### WORK INSTRUCTIONS
With the line containing "Lot bestående af" as the final line, restate exactly every line of the data below from the first one onward, and copy no pictures.

### PROVIDED RECORDS
::::::

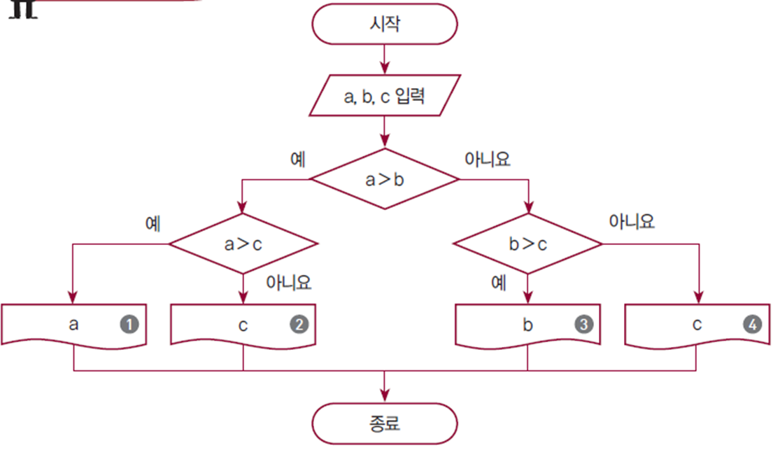a가 b보다 크고 a가 c보다 크면 a가 가장 큰 수가 되고, a가 b보다 크고 a가 c보다 크지않으면 c가 가장 큰 수가 된다. a가 b보다 크지 않고 b가 c보다 크면 b가 가장 큰 수가 되고, a가 b보다 크지 않고 b가 c보다 크지 않으면 c가 가장 큰 수가 된다.
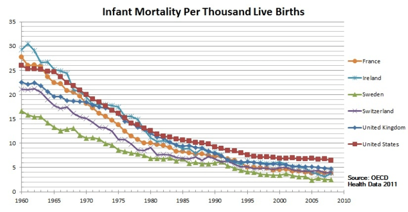 1) Right, that’s why all universal healthcare systems have no good doctors and the quality of care is poor…and then there’s reality. Quality of Care Rank: US – 5th out of 11, UK – 1st. (source)
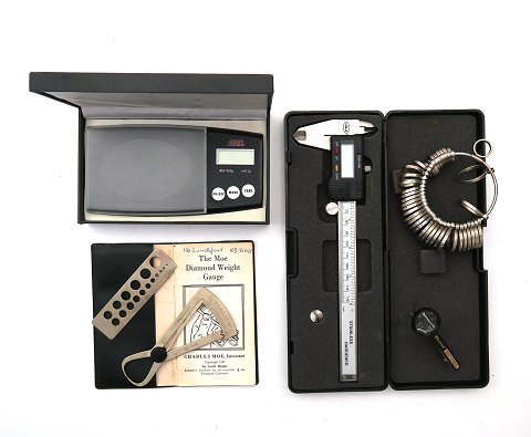 Lot bestående af digital skydelære 0 . 150 mm., ædelsten pincet med lup, elektronisk finvægt, diamantmåler og caratberegnings kalkulator samt bundt ringmålere.
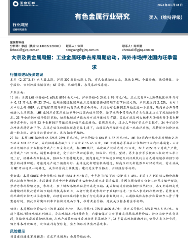 【国金证券】【20230304】20230304-国金证券-大宗及贵金属周报:工业金属旺季去库周期启动,海外市场押注国内旺季需求-13页
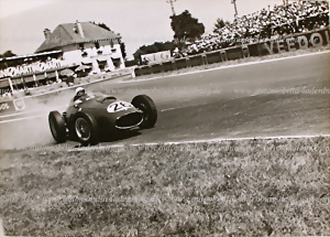 original s/w Aufnahme, Peter Collins bei Testfahrten mit dem Ferrari 801, 13x18cm

::::::

### WRITTEN SOLUTION
a가 b보다 크고 a가 c보다 크면 a가 가장 큰 수가 되고, a가 b보다 크고 a가 c보다 크지않으면 c가 가장 큰 수가 된다. a가 b보다 크지 않고 b가 c보다 크면 b가 가장 큰 수가 되고, a가 b보다 크지 않고 b가 c보다 크지 않으면 c가 가장 큰 수가 된다.
 1) Right, that’s why all universal healthcare systems have no good doctors and the quality of care is poor…and then there’s reality. Quality of Care Rank: US – 5th out of 11, UK – 1st. (source)
 Lot bestående af digital skydelære 0 . 150 mm., ædelsten pincet med lup, elektronisk finvægt, diamantmåler og caratberegnings kalkulator samt bundt ringmålere.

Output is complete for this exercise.